Mugabe is for the likes of Charles Barron, the radical councilman who embarrassed the city a few years ago by hosting the Zimbabwean tyrant at City Hall. Funny thing, there was Barron at last week’s council hearings demanding to be heard on the mayor’s bill to gut term limits—a reform confirmed in two separate voter referendums—in order to give himself four more years in office. There was Barron offering the simplest route to continued democracy: Do nothing.
“Why do we have to change anything?” he asked after Mario Cuomo’s lead-off testimony supporting Bloomberg’s bid. “The people have spoken twice already. Why not just leave things as they are?”
Barron’s simple questions were matched only by The New York Times‘s fearless editorial page. Alone of the city’s dailies, the Times refused to bend its principles. By changing the rules at this late date, the Times warned, the mayor “will tarnish his legacy and further weaken the systems of checks and balances that are essential to . . . democracy.”
Uh, wait. Sorry, wrong day. That was the Times in August lecturing President Álvaro Uribe of Colombia “lest he become just another strongman” by grabbing a third term in violation of his country’s constitution.

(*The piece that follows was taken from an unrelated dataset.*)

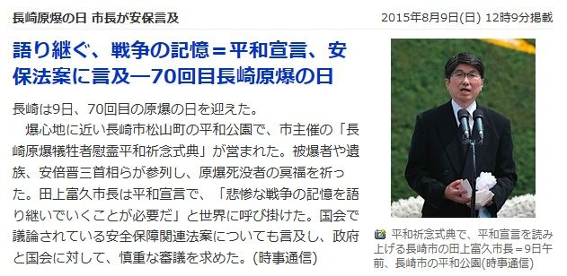 9日に70回目を迎えた「長崎原爆の日」では長崎市長が原爆投下の被害に絡め、国会で審議が進む安保法案に言及したことは、まことに頂けない。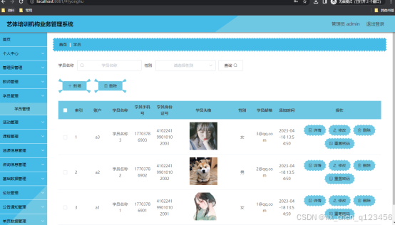 如图5.1显示的就是学员信息管理页面,此页面提供给管理员的功能有:学员信息的查询管理,可以删除学员信息、修改学员信息、新增学员信息,

Let’s see. Here it is. How could I miss it? It’s got that tough, right-to-the-point headline: “The Mayor’s Dangerous Idea.” The mayor “wants to extend his current term of office,” the editorial forthrightly states. “This is a terrible idea. . . . The very concept goes against the most basic of American convictions, that we live in a nation governed by rule of law.” Bless the good old Times. Others may cut and run in the face of tyranny. It forever stands tall.
Wait! How did that sneak in here? That was the Old Gray Lady taking Rudy Giuliani to the ethical cleaners back in September 2001—that month of true fear and fiscal panic—when he sought a mere three more months to remain in office.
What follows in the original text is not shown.